3. Return the result list containing the room values in level order.

BFS Implementation

Pseudocode:

1) If `hotel` is `None`, return an empty list.
2) Initialize a queue with `hotel` as the first element and an empty result list.
3) While the queue is not empty:
    a) Dequeue the first node in the queue.
    b) Append the node's value to the result list.
    c) If the node has a left child, enqueue it.
    d) If the node has a right child, enqueue it.
4) Return the result list.

4: I-mplement

Implement the code to solve the algorithm.

from collections import deque

class TreeNode:
    def __init__(self, value, left=None, right=None):
        self.val = value
        self.left = left
        self.right = right

def map_hotel(hotel):
    if not hotel:
        return []
    
    result = []
    queue = deque([hotel])
    
    while queue:
        node = queue.popleft()
        result.append(node.val)
        
        if node.left:
            queue.append(node.left)
        if node.right:
            queue.append(node.right)
    
    return result

5: R-eview

Review the code by running specific example(s) and recording values (watchlist) of your code's variables along the way.

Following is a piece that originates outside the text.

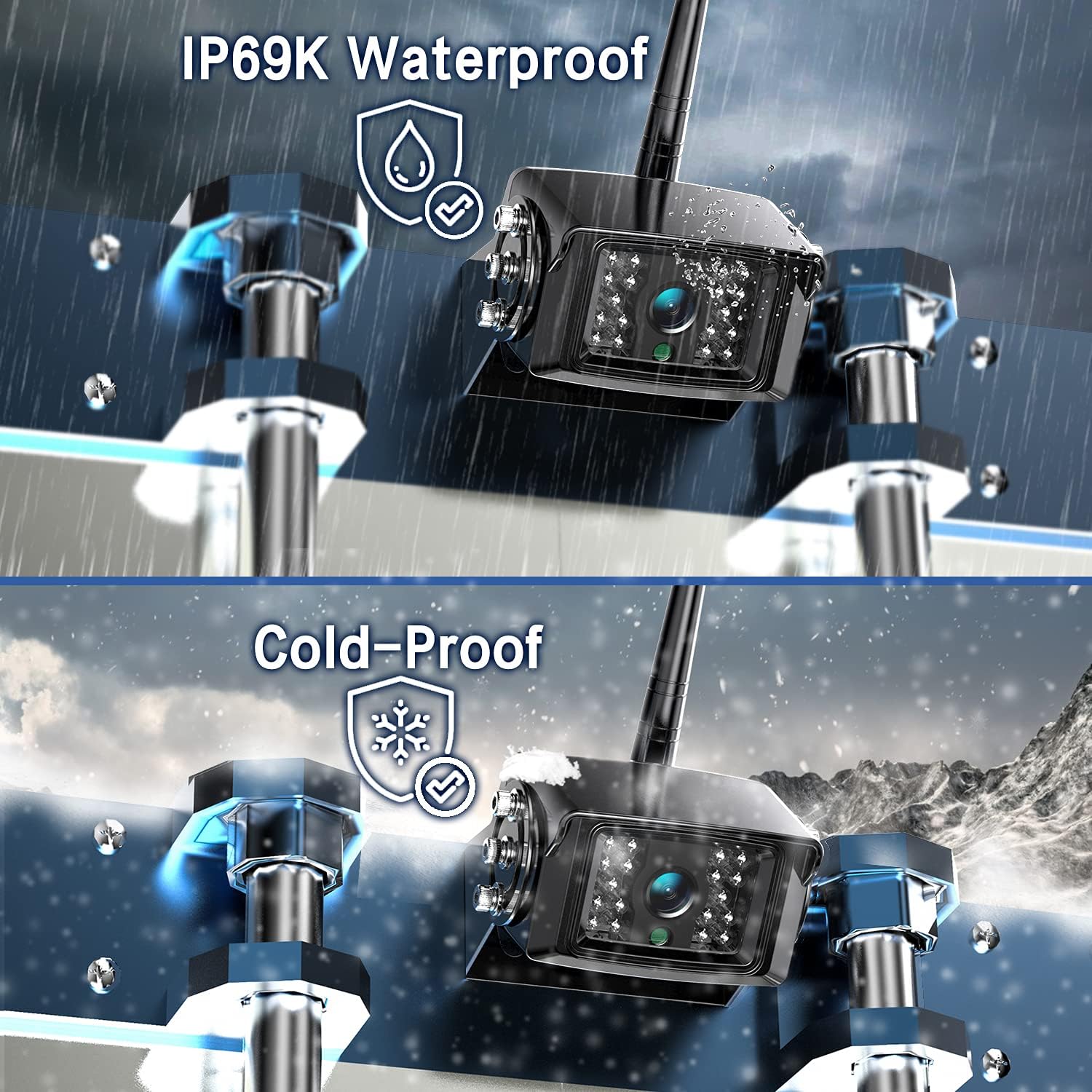 - ใIP69 Waterproof & Loop RecordใWhether you're driving on a rainy-day, snowy-day, or foggy-day, ZEROXCLUB IP69K Waterproof Backup Camera can handle it. Buit-in loop record function, the wireless rear view camera will automatically overwrite the oldest recorded video when the memory card is full, protecting your safety and security while driving, backuping up and stationary.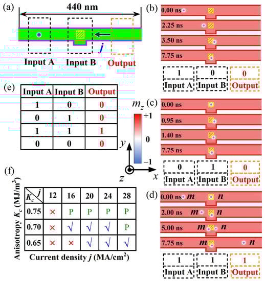Figure 4 shows the sketch of logic device and operation of logic AND functions. In Figure 4a, the logic device is mainly composed by three regions, that are the ‘Input A’, ‘Input B’ and ‘Output’ regions. Both ‘Input A’ and ‘Input B’ regions were used as the input terminals of skyrmion information carriers, and the ‘Output’ region was used as the output terminal of the skyrmion information carriers. Magnetic anisotropy in the ‘Input A’ region was set as a constant Ku = 0.8 MJ/m3, and PMA for the capping island in ‘Input B’ region was fixed as Kc = 0.7 MJ/m3 in Figure 4b–d. In the implement of logic operations, the existence or absence of a skyrmion in these regions represents the data bit ‘1’ or ‘0’, respectively.

• Trace through your code with the input hotel = Room("Lobby", Room(101, Room(201, Room(301)), Room(202)), Room(102, Room(203), Room(204, None, Room(302)))):
  • The BFS should correctly explore the tree level by level and return the list ['Lobby', 101, 102, 201, 202, 203, 204, 301, 302].

6: E-valuate

Evaluate the performance of your algorithm and state any strong/weak or future potential work.

Assume N represents the number of nodes in the tree.

• Time Complexity: O(N) because each node in the tree must be visited once.
• Space Complexity: O(N) due to the queue storing nodes at each level during traversal.